NAME
Squeeze.pm - Shorten text to minimum syllables by using hash and vowel deletion
REVISION
$Id: Squeeze.pm,v 1.24 1998/10/08 14:58:15 jaalto Exp $
SYNOPSIS
use Squeeze.pm; # imnport only function
use Squeeze qw( :ALL ); # import all functions and variables
use English;
while (<>)
{
print SqueezeText $ARG;
}
DESCRIPTION
Squeeze text (English) to most compact format possibly so that it is barely readable. You shold convert all text to lowercase for maximum compression, because optimisations have been designed mostly fr unpapitalised letters.
Warning: Each line is processed multiple times, so prepare for slow conversion time
You can use this module eg to preprocess text before it is sent to electronic media that has maximum text size limit. For example Pagers have some arbitrary text size limit, say 200 characters, which you want to fill as much as possible. Alternatively you may have GSM Cellular phone wich is capable of receiving Short Messages (SMS), whose text limit is 160 characters. To your amusement, the description text of this paragraph has been converted below using this library's SqueezeText() function . See yourself if it's readable (Yes, it takes some time to get used to). The compress ratio is typically 30-40%
u _n use thi mod to prprce txt bfre i_s snt to
elrnic mda t_hs max txt siz lim. f_xmple Pag hv
som abitry txt siz lim, say 200 chr, W/ u wnt to fll
as mch as psbleAlternatvly u may hv GSM Cllar PH wch is
cpble of rcivng Short msg (SMS), WS/ txt lim is 160
chrTo u/ amsment, dsc txt of thi prgra has
ben cnv_ blow usng thi lbrrys SquezText() fnc See
uself if i_s redble (Yes, it tak som T to get usdto
compr rati is typcly 30-40
There are few grammar rules which are used to shorten some English tokens very much:
Word that has _ is usually a verb
Word that has / is usually a substantive, noun,
pronomine or other non-verb
For example, these tokens must be understood before text can be read. This is not yet like Geek code, because you don't need external parser to understand this, but just some common sense and time to adapt yourself to this text. For a complete up to date list, you have to peek the source code
automatically => 'acly_'
for => 4
for him => 4h
for her => 4h
for them => 4t
for those => 4t
can => _n
does => _s
it is => i_s
that is => t_s
which is => w_s
that are => t_r
which are => w_r
less => -/
more => +/
most => ++
however => h/ver
think => thk_
useful => usful
you => u
your => u/
you'd => u/d
you'll => u/l
they => t/
their => t/r
will => /w
would => /d
with => w/
without => w/o
which => W/
whose => WS/
Time is expressed with big letters
time => T
minute => MIN
second => SEC
hour => HH
day => DD
month => MM
year => YY
Other Big letter acronyms
phone => PH
EXAMPLES
To add new words e.g. to word conversion hash table, you'd define your custom set and merge them to existing ones.
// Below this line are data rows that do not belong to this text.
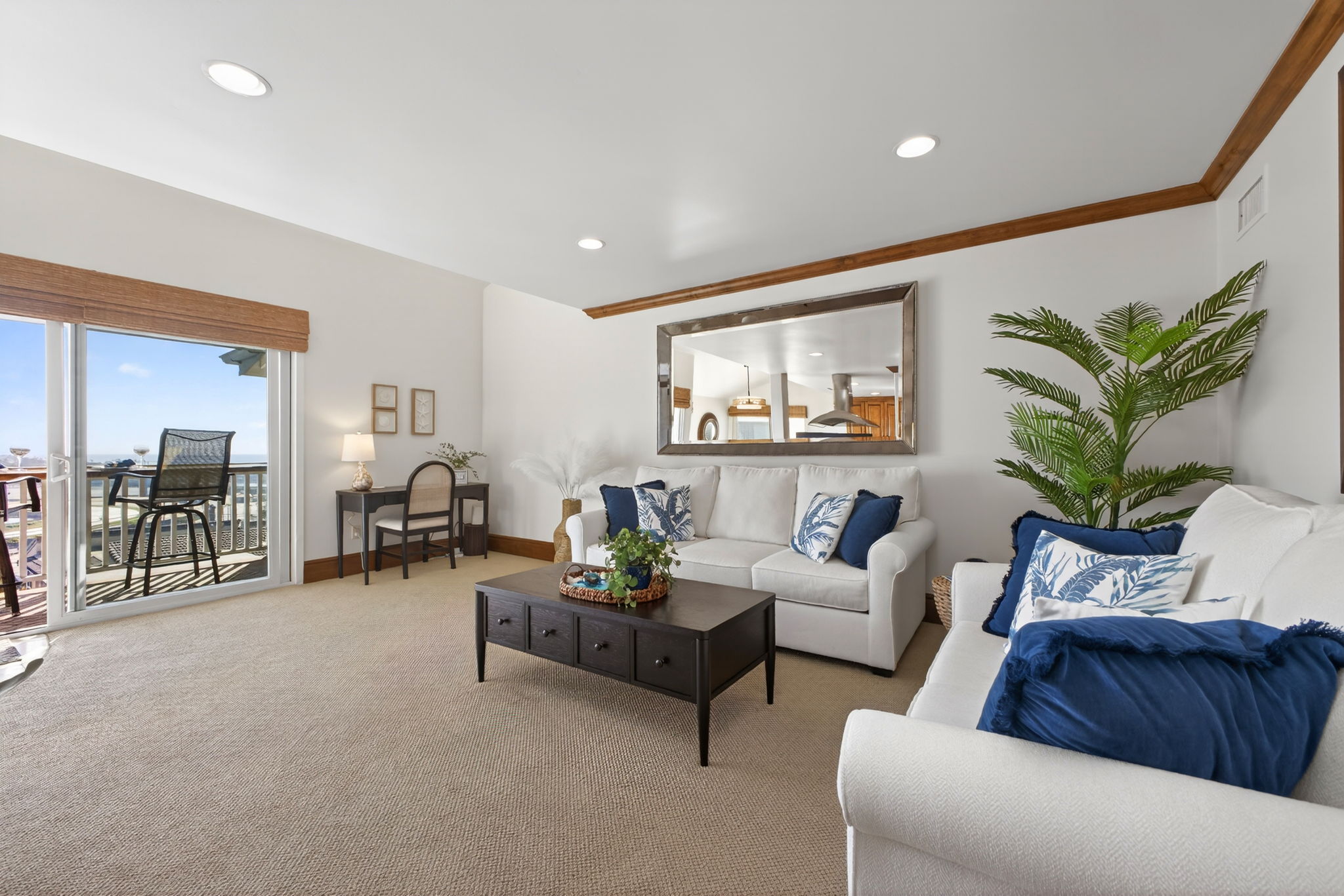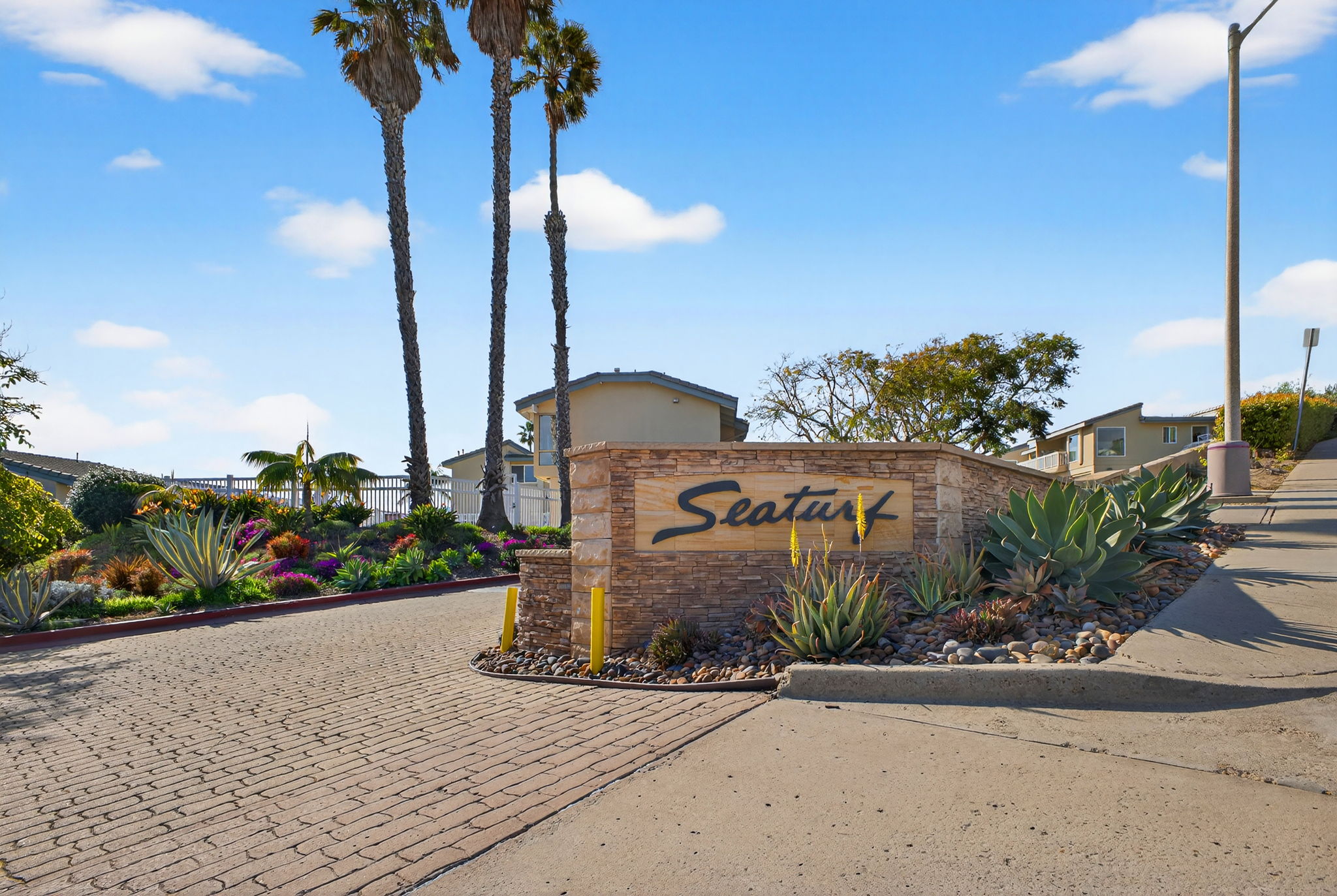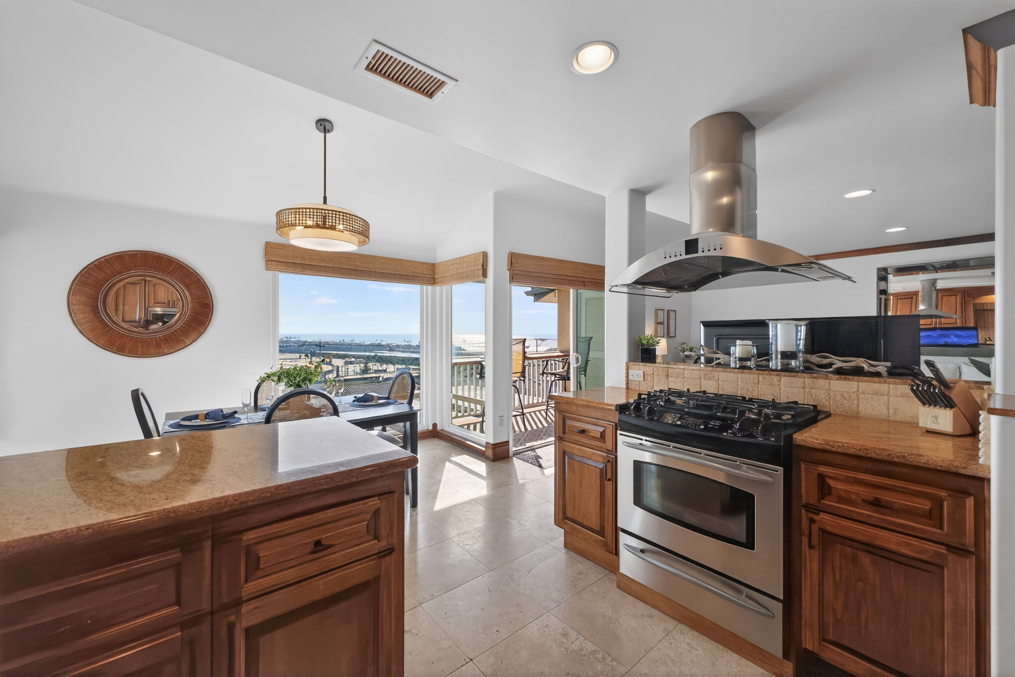 Views overlooking the Del Mar Fairgrounds and a short distance from local shops, restaurants and grocery stores.
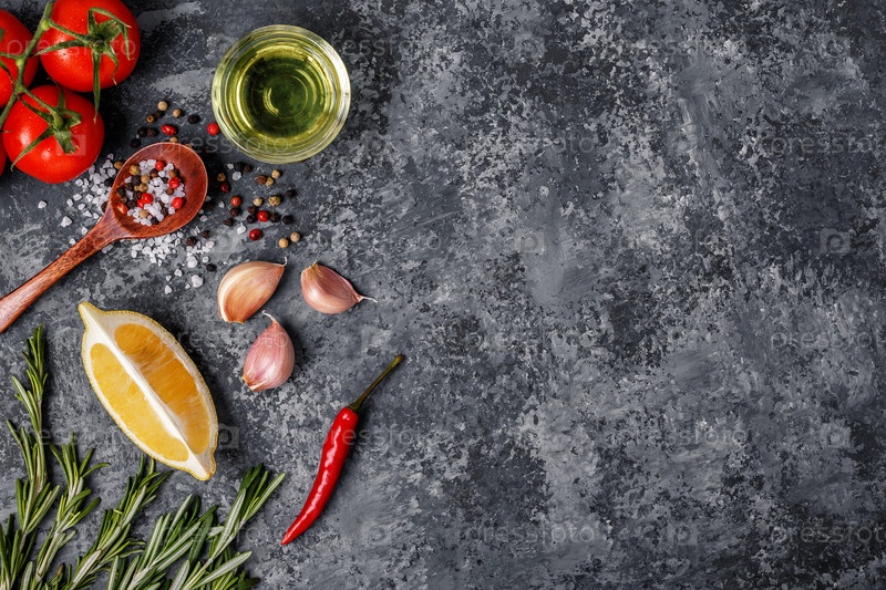 Фон со специями, травами и оливковым маслом
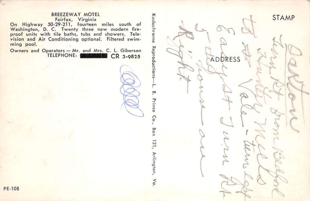 Fairfax Virginia Breezeway Motel Swimming Pool Vintage Postcard AA111027
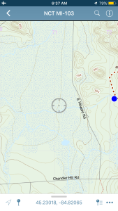 I was aiming to camp in a small patch of public land bordering a road walk, another difference between my printed maps and Avenza. I suspected when I got there, there might not be public land. Has Michigan been selling parcels of state forest, I wondered? So far the differences between the March 2018 Avenza maps and November 2018 printed maps always shows less public land. The uncertainty of dispersed camping on public land was one of the challenges I most looked forward to on this hike. Getting to make my own camp, figure out how to read the woods, find good spots, all drew me to this trail, but I knew it would push me out of my comfort zone.
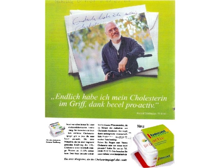 Verfahren im Grenzbereich AM-LM Novel Food: Margarine mit cholesterinsenkender Wirkung Kollision zwischen europäischer Kennzeichungsauflage und nationalem Verbot krankheitsbezogener Werbung für Lebensmittel gem. § 18 Abs. 5 LMBG OLG Hamburg v. 29. 08. 2002 (3 U 236/01): Auslobung mit "deutlich erhöhtem Cholesterin" nicht von Kennzeichnungsauflage umfasst!
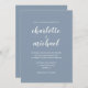 Um convite de casamento elegante, simples e moderno, feito em azul empoeirado.
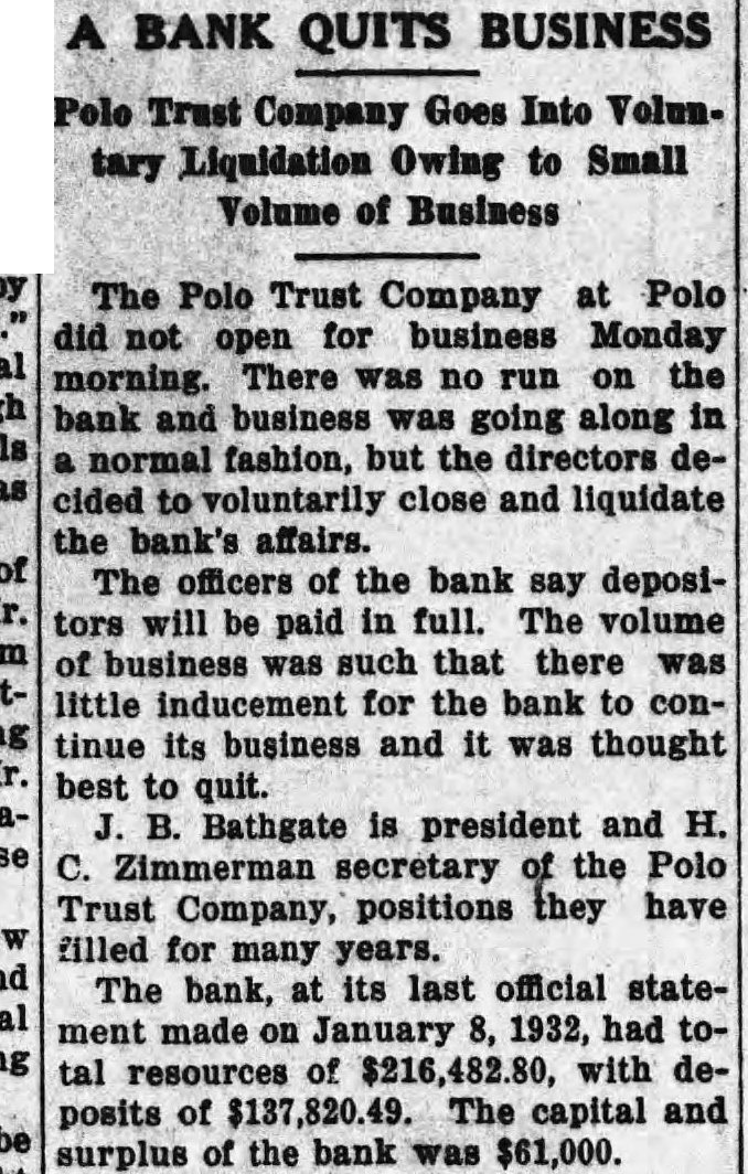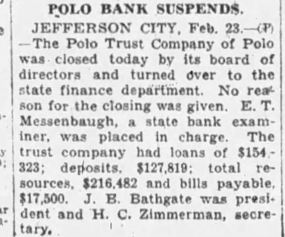 POLO BANK SUSPENDS. JEFFERSON CITY, Feb. The Polo Trust Company of Polo closed today by its board of directors turned over to the state No reat son for the closing was given. Messenbaugh, state bank examiner, placed in charge The trust company had loans of $154 323; deposits. $127,819: total resources, $216,482 and bills payable. $17,500. Bathgate president and H. C. Zimmerman, secre-
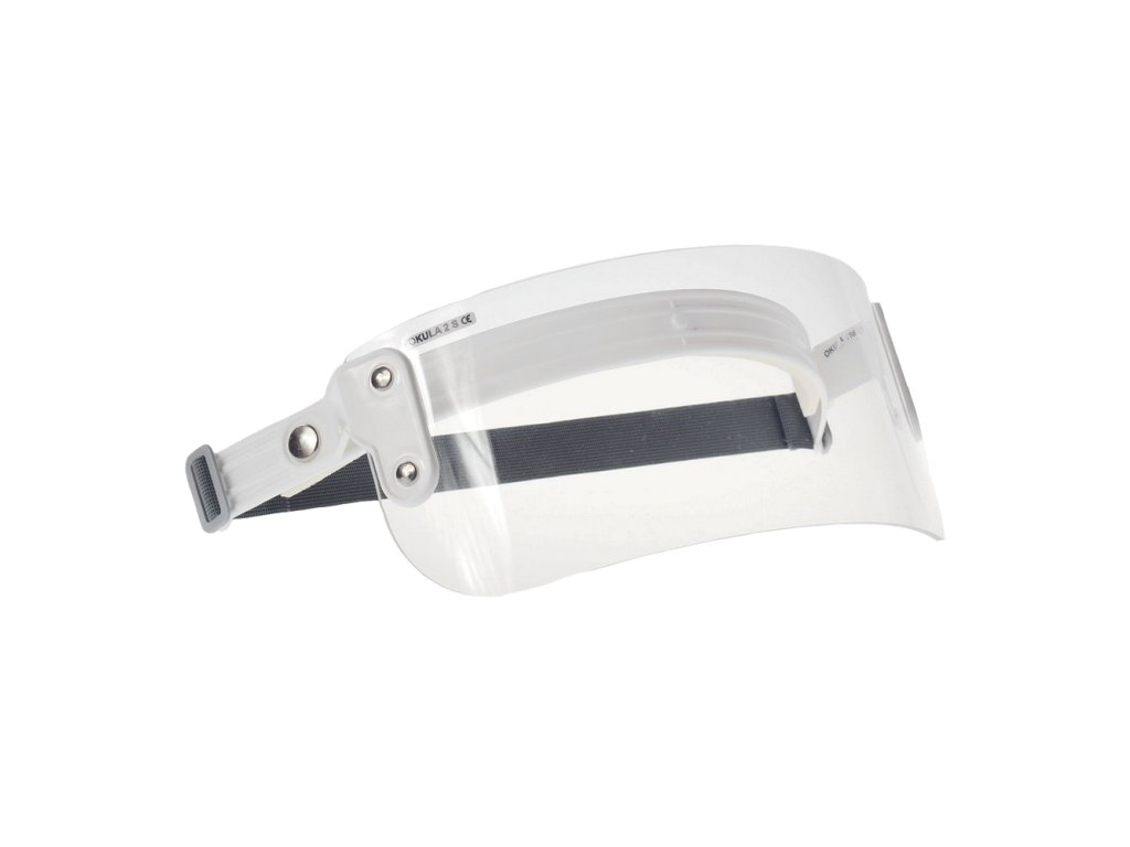 Ochranný štít bez náhlavního nosiče složený z čelního pásu a hledí z čirého PMMA. Hledí lze nastavit do optimální pracovní polohy. Štít je určen k ochraně očí a horní části obličeje proti nárazu velkých pevných částic. Umožňuje současné použití korekčních brýlí. Pro koho je ochranný štít vhodný: Je vhodný pro využití v průmyslu – pro všechny druhy mechanického obrábění zejména dřeva a plastů, pro montážní práce v elektrotechnickém průmyslu, pro kutilství, lze ho využít pro práci ve zdravotnictví, stomatologiích a laboratořích. Materiál zorníků: PMMA tloušťka 2 mm Optická třída: 2 Barva zorníků: čirá Velikost zorníků: 90 x 250 mm Možnost výměny zorníků: ano Možnost kombinace s dioptrickými brýlemi: ano Ochrana: mechanická Ochrana proti postřiku kapalinami: ne Ochrana proti nárazu: zvýšená pevnost S Odolnost proti teplotám: -5 °C / +55°C Materiál nosné části štítu: RYKOLEN Hmotnost: 73 g Typ náhlavního nosiče: čelní pás se změkčenou oporou Odpovídá normě: EN 166 Atestace CE: ano.
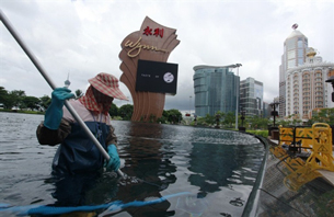 Một công nhân đang dọn dẹp tại khu sòng bài ở Macau hôm 7/9/2010
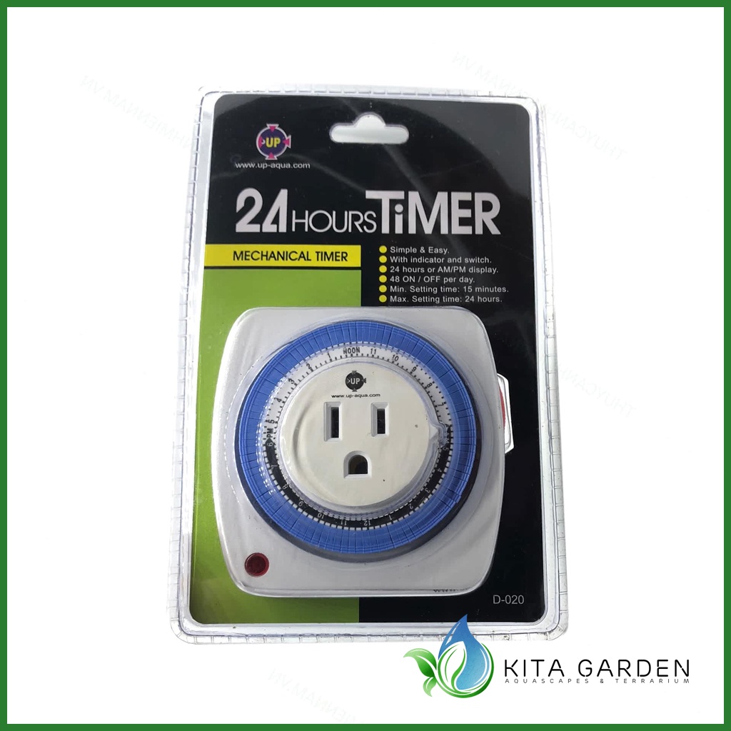 Đồng hồ hẹn giờ 24 Hours Timer Up-Aqua - Hiện có mẫu mã mới là Top-Aqua với tính năng y hệt (chỉ khác nhãn)Là thiết bị chuyên dùng cho hẹn giờ bật tắt tự động các thiết bị điện trong trồng rau thủy canh và nuôi cá cảnh thủy sinh... như bật tắt máy bơm, bật tắt đèn ... theo thời gian đã cài đặt sẵn
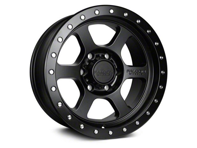 Falcon Wheels T1 Series Full Matte Black 6-Lug Wheel; 20x9; 0mm Offset offers a sleek and modern design that enhances the visual appeal of any vehicle. Crafted with attention to detail, this wheel merges aesthetic elegance with a robust build, making it a fitting choice for those seeking a blend of style and durability.

Do similarly to %SQZ_WXLATE_MULTI_HASH
and $SQZ_ZAP_REGEXP
and then start using the conversion function.
use English;
use Squeeze qw( :ALL );
my %myExtraWordHash =
(
new-word1 => 'conversion1'
, new-word2 => 'conversion2'
, new-word3 => 'conversion3'
, new-word4 => 'conversion4'
);
# First take the existing tables and merge them with my
# translation table
my %mySustomWordHash =
(
%SQZ_WXLATE_HASH
, %SQZ_WXLATE_EXTRA_HASH
, %myExtraWordHash
);
my $myXlat = 0; # state flag
while (<>)
{
if ( $condition )
{
SqueezeHashSet \%%mySustomWordHash; # Use MY conversions
$myXlat = 1;
}
if ( $myXlat and $condition )
{
SqueezeHashSet "reset"; # Back to default table
$myXlat = 0;
}
print SqueezeText $ARG;
}
Similarly you can redefine the multi word thanslate table by supplying another hash reference in call to SqueezeHashSet(), and to kill more text immediately in addtion to default, just concatenate the regexps to $SQZ_ZAP_REGEXP
KNOWN BUGS
There may be lot of false conversions and if you think that some word squeezing went too far, please turn on the debug end send the log to the maintainer. To see how the conversion goes e.g. for word Messages:
use English;
use Lingua::EN:Squeeze;
SqueezeDebug( 1, '(?i)Messages' );
$ARG = "This line has some Messages in it";
print SqueezeText $ARG;
EXPORTABLE VARIABLES
The defaults may not conquer all possible text, so you may wish to extend the hash tables and ZAP_REGEXP to include your unique text.
$SQZ_ZAP_REGEXP
text to kill immediately, like "Hm, Hi, Hello..." You can only set this once, because this regexp is compiled immediately when SqueezeText()
is first time called.
%SQZ_WXLATE_MULTI_HASH
Multi Word conversion: "for you" => "4u" ...
%SQZ_WXLATE_HASH
Single Word conversion hash: word => conversion. This table is applied after %SQZ_WXLATE_MULTI_HASH
%SQZ_WXLATE_EXTRA_HASH
Aggressive Single Word conversions like: without => w/o ...
INTERFACE FUNCTIONS
SqueezeText($)
- Description
-
Squeeze text by using vowel substitutions and deletions and hash tables that guide text substitutions.
- arg1: $text
-
Text.
- Return values
-
String, squeezed text.
new()
SqueezeHashSet($;$)
- Description
-
Set hash tables to use for converting text. The multiple word conversion is done first and after that the single words conversions.
- arg1: \%wordHashRef
-
Pointer to be used to convert single words. If "reset", use default hash table.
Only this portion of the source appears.